Florida was the only one of the three Cash and Counseling programs to rely primarily on agencies providing traditional services to provide outreach, enrollment, and consulting under its cash program. It was the only one of the three to cash out services for children, services for beneficiaries with developmental disabilities, and services provided under a waiver rather than the state Medicaid plan. Arguably, Florida’s program invested more responsibility in the consumer (or representative) than did the other two programs. Here, we draw cross-cutting lessons related to these unique features of Florida’s allowance program.

  • Many factors seem to affect the level of resistance of providers of traditional services to an allowance program. States interested in relying on agencies providing traditional services to implement an allowance program may be able to reduce their resistance. The factors that affect the level of resistance include agency monopoly position, competing demands on staff time, concerns about loss of agency revenue if consumers hire workers directly, adequacy of compensation for agency effort in outreach and consulting, concerns about agency liability for decisions that consumers make, and conflicting professional norms about responsibility for beneficiary welfare. Techniques to overcome these factors include avoiding reliance on agencies that have local monopolies on traditional services in favor of agencies that must compete, avoiding implementation of an allowance program when other demands on agency staff are high or when agencies are experiencing a reduction in revenue, ensuring agencies are fairly compensated, stressing that consumers (not agencies) are liable under a Cash and Counseling-like program, and demonstrating that some beneficiaries benefit dramatically from a cash program.

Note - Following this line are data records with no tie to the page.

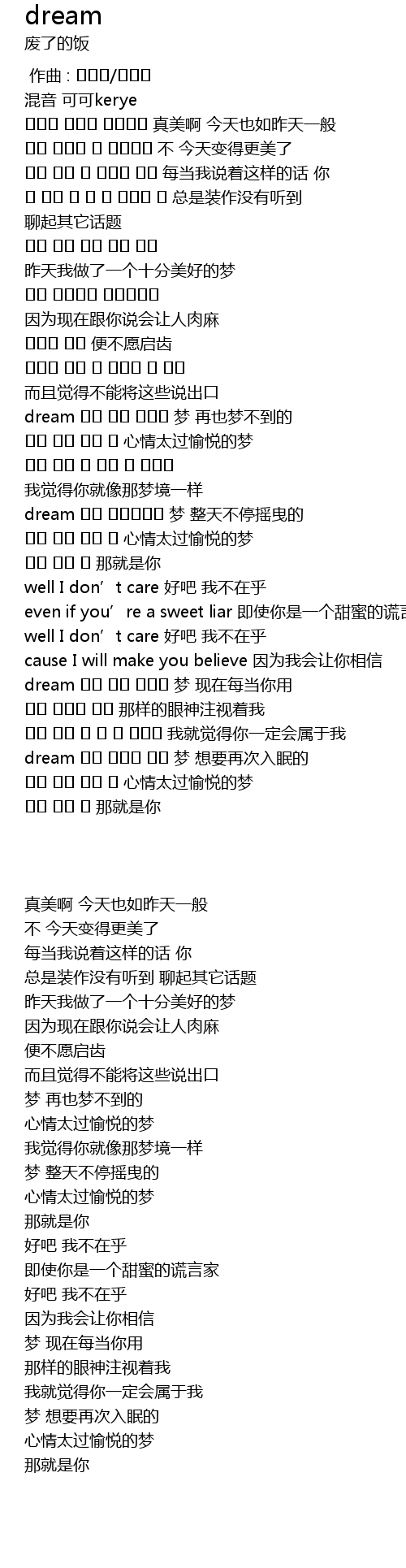 | [00:59.288] | dream 다신 꾸지 못하는 梦 再也梦不到的 |
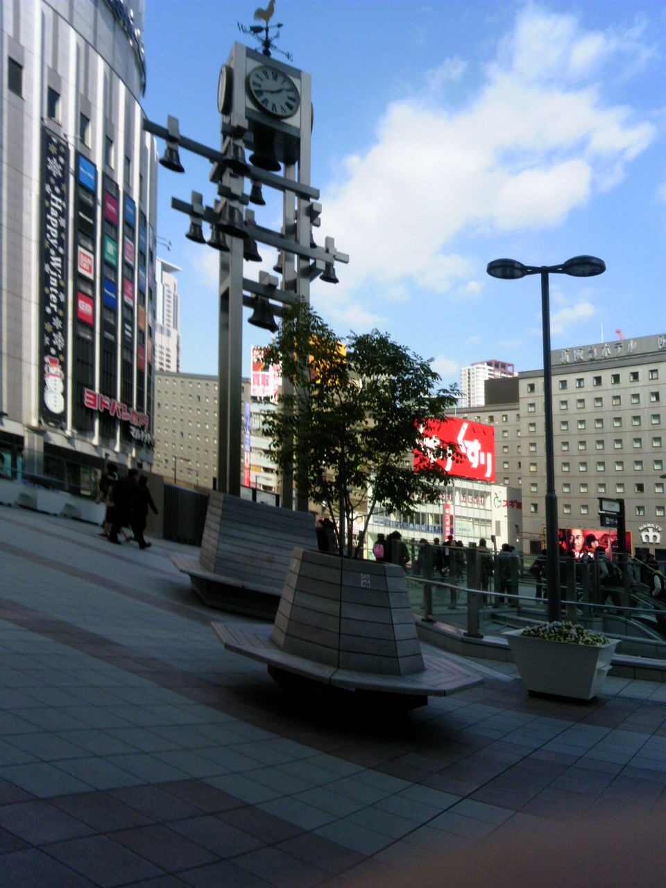 ノースゲートビル2階から道路をまたぎ阪急梅田駅方面へ向かうところにある広場ですが、広くはないです。時計が目印にはなると思います。JR大阪駅方面から来た人がエスカレーターに乗って阪急へといくので、阪急とJRの友達同士の待ち合わせには良い場所かもしれません。
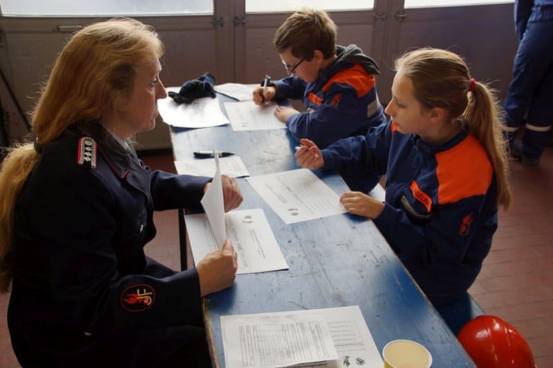 17 Jugendliche stellten sich der Prüfungskommission aus Jugendfeuerwehrwarten und Führungskräften. An acht Stationen musste Feuerwehrwissen und Allgemeinbildung unter Beweis gestellt werden.
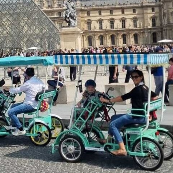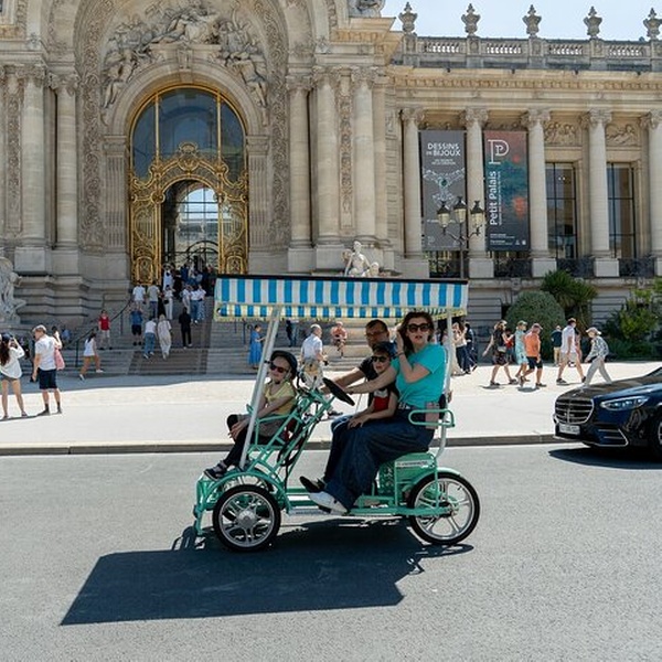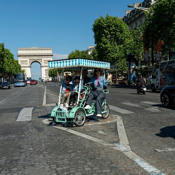 Passez une heure inoubliable ! C’est la solution idéale pour explorer Paris avec vos enfants, tout en respectant l’environnement. Découvrez ensemble des endroits magnifiques que vous ne pourriez pas voir en métro. Une aventure écoresponsable et pleine d’enthousiasme pour toute la famille ! Découvrez les sites emblématiques de Paris en seulement une heure ! Roulez en famille sur un vélo électrique confortable, idéal pour deux adultes et trois enfants. Admirez l'Arc de Triomphe, naviguez sur la Seine et admirez la vue sur la Tour Eiffel. Suivez l'itinéraire suggéré ou choisissez le vôtre, avec casques gratuits et guide multilingue. Une aventure rapide et inoubliable qui capture l'esprit de Paris.
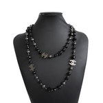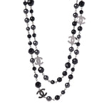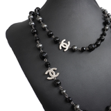 Chanel long beaded necklace in silver metal hardware with smooth and faceted glass black beads, smokey grey faux pearls, and polished dark silver CC charms.
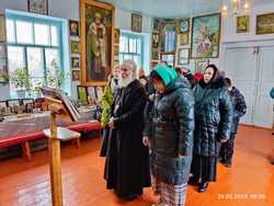 Рано утром в Прощёное воскресенье мы выехали в село Ананьево, в храм святителя Николая Чудотворца. По дороге слушали последование ко святому причащению и поэтому путь показался для нас быстрым, хотя снег немного припорошил дорогу. Мы приехали рано и народ ещё не собрался. Митрофорный протоиерей Виктор (Журавлёв), настоятель храма святителя Николая Чудотворца, предложил нам почитать акафист Пресвятой Богородице нараспев. После него мы ещё прочитали нараспев акафист святителю Николаю, и затем Иисусу Сладчайшему.
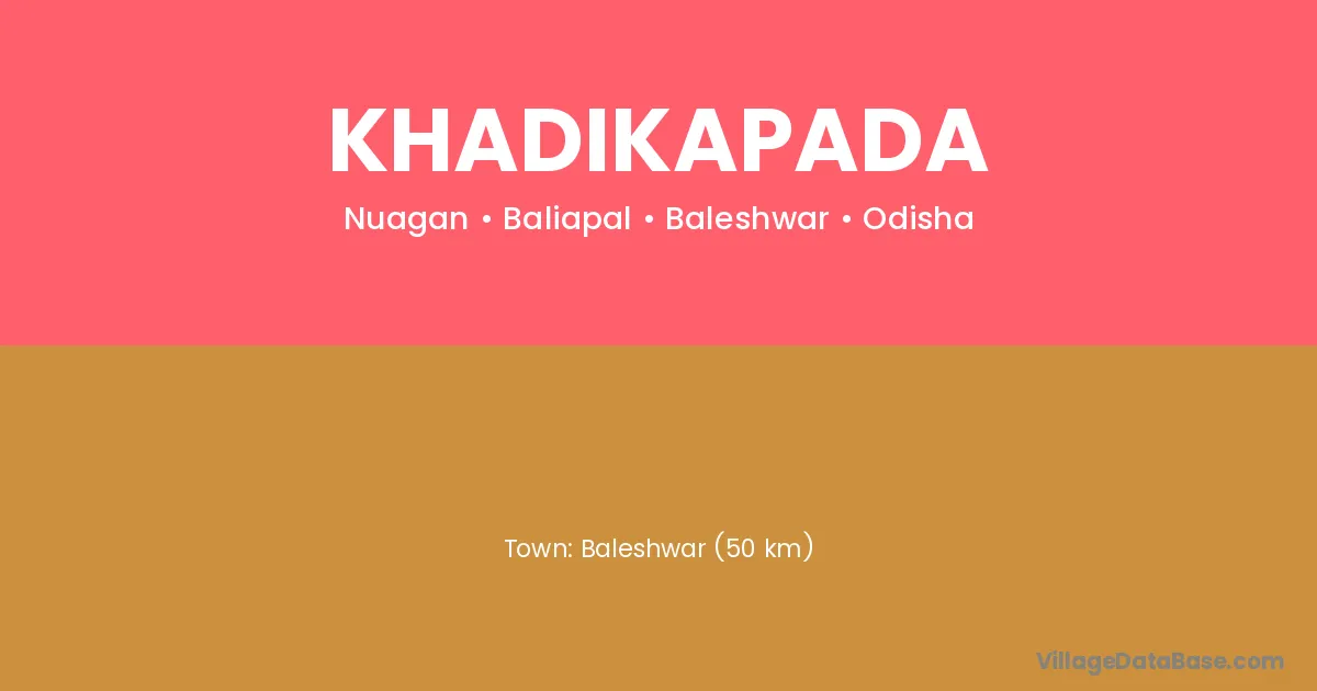 Baleshwar (30 km) is the nearest town to Khadikapada village for major economic activities and is located approximately 30 km away.
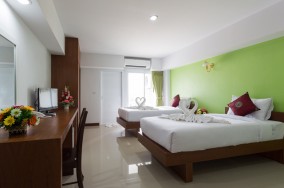 Twin bedroom Submitted by admin on Thu, 07/14/11 - 20:30 ห้องพักขนาด 25 ตารางเมตร เตียงคู่ พร้อมแอร์ ทีวีดาวเทียว ตู้เย็น เครื่องทำน้ำอุ่น อินเตอร์เน็ตไร้สาย ลิฟต์บริการถึงทุกชั้น... 0 Read more
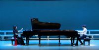 双钢琴《叙事曲》,由张朝先生根据首任院长李劫夫创作的歌曲《歌唱二小放牛郎》改编成钢琴叙事曲,刘旭娜将其改编为双钢琴演奏形式,通过两架钢琴全新诠释。作品气势磅礴,高低音交相辉映,极富艺术感染力,再现了聪明、机智的小八路与敌人周旋及英勇就义的感人场面。
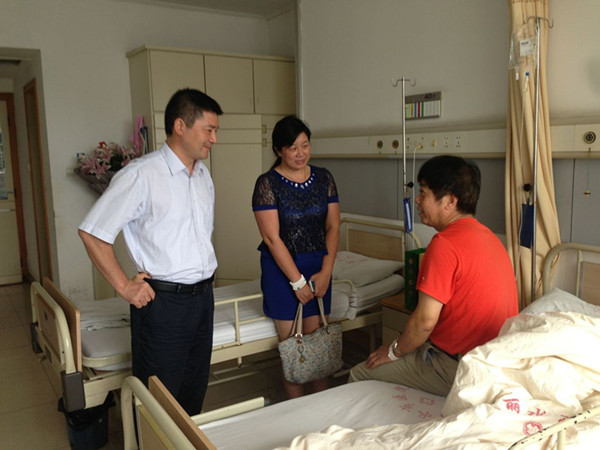 在抗灾自救期间,东站业务站长何小勇在老毛病高血压发病的情况下,还一直坚守岗位,直到所有车辆都撤离站场。他的病情一直牵挂着大家的心,8月26日,集团公司总经理薛和有和工会主席吕丽君专程到医院看望慰问他,嘱咐他安心治病,争取早日康复。

  • States may be able to better able to secure the interest and support of organizations providing traditional services if they consult with these organizations early in the design of an allowance program. Florida regretted that the schedule for Cash and Counseling prevented early consultation with agencies providing traditional services.
  • The Cash and Counseling model is very attractive to parents of children with developmental disabilities. As a percentage of those eligible, more children with developmental disabilities enrolled in a Cash and Counseling program than any other population. As of the end of intake for the evaluation, the percentages of the eligible elderly and adult populations enrolling in all three Cash and Counseling states were roughly 8 to 10 and 15 to 20 percent, respectively. The comparable percentage for children with developmental disabilities was roughly 25 percent.
  • Paying parents to be workers is a sensitive issue, but parents rarely take unfair advantage of the situation. While the parents of minor children are legally responsible for their care, caring for a child with disabilities requires a tremendous amount of time and energy, which affects the time a parent can devote to other family members or to paid work. With the safeguards implemented in CDC (including special monitoring when the representative was also a worker), Florida’s experience was that only very rarely did parents of minor children even appear to take unfair advantage of the opportunity to be paid.
  • The evidence from Florida is that consumers and their representatives are able to manage some professional services, as well as personal care. Professional services (such as behavioral therapy and nursing) are covered under Florida’s waiver programs and were cashed out. Thus, Florida consumers were implicitly given responsibility for making decisions about their need for professional services. This did not result in material neglect or exploitation of consumers.